He started with other competitors on April 26 and finally crossed the finish line on May 9. He had only started learning to use crutches the previous month. His efforts raised hundreds of thousands of pounds for Help For Heroes, a charity which would have met with Ian’s wholehearted support. Ian admired acts of modest heroism, and fully understood where sporting endeavour stood in the grand scheme of things.

Major Phil Packer

Courageous: Major Phil Packer


Nominated by Chris Foy
One of Ian’s all-time favourites was Mary Peters, who won pentathlon gold for Britain at the Munich Olympics in 1972. He admired her indomitable spirit as well as her skill and he would see those qualities in another multi-sport athlete, Jessica Ennis.

The 23-year-old from Sheffield suffered heartbreak in 2008 when a stress fracture in an ankle ended her dreams of Olympic gold in Beijing. Fighting her way back to fitness after being out of action for a year, Ennis set about making up for missing the Games by targeting the World Championships. She went to Berlin as the World No 1 heptathlete and duly won gold. She raised her game when it mattered, recording a personal best 6,731 points.

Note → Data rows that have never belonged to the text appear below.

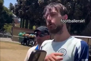 这位国米后卫显然被激怒,立刻现身与该球迷对质,在一名工作人员协助翻译下,他用严厉的语气回怼道:“我是个严肃的人。小伙子,我不喜欢被人取笑。我会从那里冲出去,因为我是个疯子,真会揍死你。”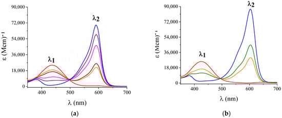 VIS spectra of BPB solutions at various pH values: (a) pH = 1.19 (red); 3.80 (orange); 3.99 (brown); 4.59 (magenta); 4.87 (violet); 6.59 (blue); (b) pH = 1.19 (red); 2.39 (orange); 2.60 (olive); and 4.47 (blue). The total concentration of the buffer solutions is constant and equal to ≈0.08 M. In (b) CT = 0.0123 M CTApTs.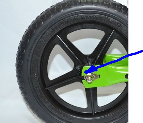 Если ребенок нацелен на прыжки, лучше сразу брать на надувных колесах или хотя бы такой, на который эти колеса можно было без проблем поставить, На розовом беговеле просто круглое отверстие, накачиваемое колесо туда не встанет. На зеленом - прорезь. Можно поставить надувное колесо.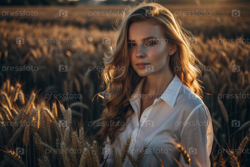 Молодая девушка в белой рубашке с золотыми волосами стоит на поле спелой золотистой пшеницы при закате солнца.Урожай, сельская природа и жизнь

Her reaction to adversity, her ability to thrive on the grandest stages at such a young age and her grace and modesty in handling her success and fame make Ennis an ideal candidate for this award.

Graeme Swann

Beautiful Swann: England spinner takes another wicket


Nominated by Paul Newman
There is a perfect candidate for the Ian Wooldridge award in English cricket and his name is Graeme Swann. The off-spinning all-rounder meets all the
criteria and fits the bill perfectly.

Ian would have loved his joie de vivre, his competitiveness and the fact that a smile rarely leaves his face. Swann has had to work hard to reach his current exalted status because he was banished back to county cricket after a chastening first senior tour to South Africa 10 years ago.

Now he is back there after an outstanding first full year of Test cricket in which he is the second leading wicket-taker in the world and has hit four half-centuries, all brimming with gusto, invention and swashbuckling imagination.


Nominated by Jeff Powell
Jenson Button came second in BBC’s Sports Personality of the Year awards but he would have been at the top of Ian’s list - not least for the gallant manner in which he deferred to the worthy Ryan Giggs.

The flamboyant Button would have appealed to Ian. So would his cavalier approach to driving the fastest machines on four wheels.

Button’s charge into the first few races of the season, followed by the scrapes which threatened his lead, and his daredevil drive in the Grand Prix which gave him his title, climaxed by the champagne celebrations in the company of beautiful women - all would have endeared him to Woolers.


Nominated by Matt Lawton
Ian would have adored Jessica Ennis. Mary Peters, the 1972 Olympic pentathlon champion, was someone he greatly admired and Ennis has followed in her golden spike prints as a multi-events specialist.

Ian would have loved the way she fought back from the serious ankle injury that denied her the opportunity to compete in the Beijing Olympics. The injury forced her to change her lift-off foot and so learn how to long-jump all over again.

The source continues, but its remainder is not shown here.